In January 2018, Kilraine lodged a legal action against trade union official and anti-homelessness campaigner Brendan Ogle over comments he made during the occupation of Apollo House. Kilraine, who reported for RTÉ News in January 2017, claimed Ogle defamed him in a Facebook post by questioning his and RTÉ's objectivity and impartiality. RTÉ criticised Ogle's "personal attacks" on its staff at the time, saying it stood by its reporting as "fair and accurate".

Kilraine was appointed as London correspondent with RTÉ News in April 2022, succeeding Sean Whelan. He previously held the role of Dublin correspondent for over 15 years, reporting in particular the capital's homeless and housing crisis.

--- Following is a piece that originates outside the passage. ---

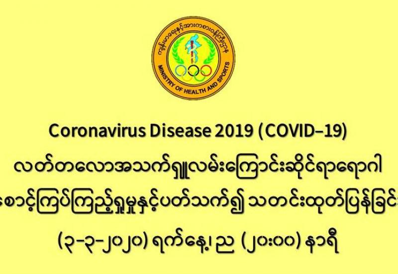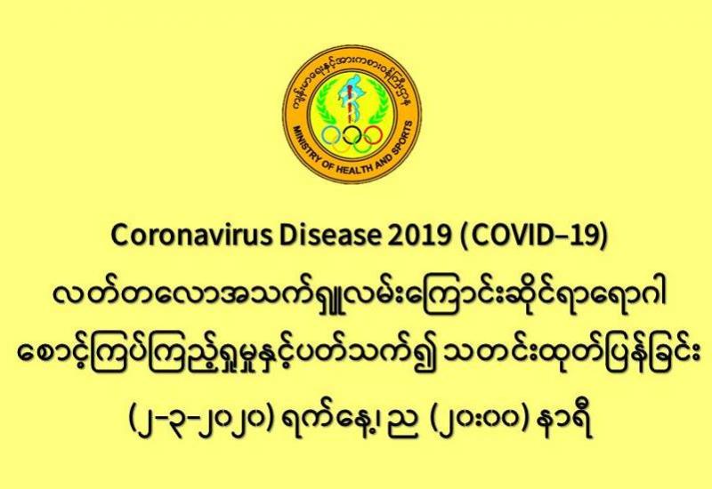 ၁။ ကျန်းမာရေးနှင့်အားကစားဝန်ကြီးဌာနသည် တရုတ်ပြည်သူ့သမ္မတနိုင်ငံနှင့် ကမ္ဘာ့နိုင်ငံ (၅၉) နိုင်ငံတွင် ကူးစက်ပျံ့နှံ့ လျက်ရှိသည့် COVID-19 ရောဂါဖြစ်ပွားမှုဖြစ်စဉ်နှင့်ပတ်သက်၍ ရောဂါစောင့်ကြပ်ကြည့်ရှုခြင်း လုပ်ငန်းများအား ဆောင်ရွက် လျက်ရှိရာ တွင် နိုင်ငံတကာ ကျန်းမာရေးဝန်ကြီးဌာနများနှင့်လည်းကောင်း၊ ကမ္ဘာ့ကျန်းမာရေးအဖွဲ့နှင့်လည်းကောင်း ချိတ်ဆက်၍ သတင်းပေးပို့ဖလှယ်ခြင်းများကို အချိန်နှင့်တစ်ပြေးညီ ဆောင်ရွက်လျက်ရှိပါသည်။

In May 2024, RTÉ confirmed Kilraine's contract as London correspondent had ended and would return to its Irish newsroom having served an initial two years. He began reporting for RTÉ's Nationwide programme later that year.

==Personal life==
Kilraine was born in London, England. He grew up in Dublin and is a graduate of Trinity College Dublin with an honours degree in English and History and holds a postgraduate diploma in journalism from Dublin City University.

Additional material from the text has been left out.